How do I extract the number from a string vector and convert it to a integer vector?


I have a string vector in R as follows:

[1] Type 1 Type 2 Type 4 Type 3 Type 4 Type 6 Type 2 Type 5 
[9] Type 2 Type 3 Type 7 

Also note:

str(data)
# Factor w/ 7 levels "Type 1","Type 2",..: 1 2 1 3 4 1 2 4 2 3 ...

I want to convert this to an integer vector to be able to perform cluster analysis (get cluster performance index). Because I am getting the following error: argument 'part' must be an integer vector

What would be the most effective solution?


Solution

  • The str output shows that you have a factor, not a vector of character strings. It also shows that the level labels are Type 1, Type 2 and so on. A factor will represent the first level internally as 1, the second as 2 and so on.
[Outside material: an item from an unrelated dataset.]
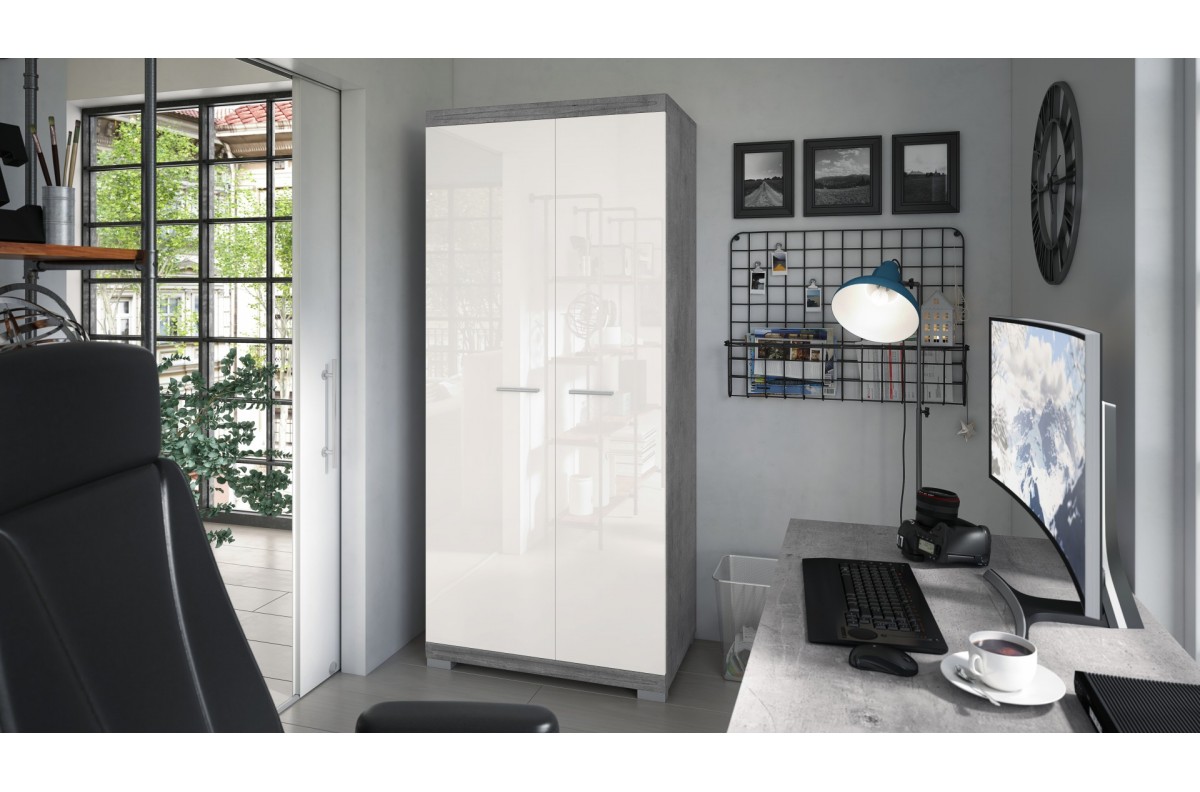 Būkite pirmas aprašęs “SIMPLE SZD2 Spinta „Millenium Concrete“/Balta blizgi – Persirengimo kambarys su lentyna ir drabužių pakaba”

So, supposing we have data shown reproducibly in the Note at the end, to convert it to an integer vector we only have to use as.integer:

    as.integer(data)
    ## [1] 1 2 1 3 4 1 2 4 2 3
    

    If the label levels are not actually Type 1, Type 2 so that, for example, the third level is represented by Type 93, say, rather than Type 3 then we can implicitly convert to character and remove the non-digit characters and finally convert the rest to an integer vector.

    as.integer(gsub("\\D", "", data))
    ## [1] 1 2 1 3 4 1 2 4 2 3
    

    Note

    data <- structure(c(1L, 2L, 1L, 3L, 4L, 1L, 2L, 4L, 2L, 3L), .Label = c("Type 1", 
    "Type 2", "Type 3", "Type 4"), class = "factor")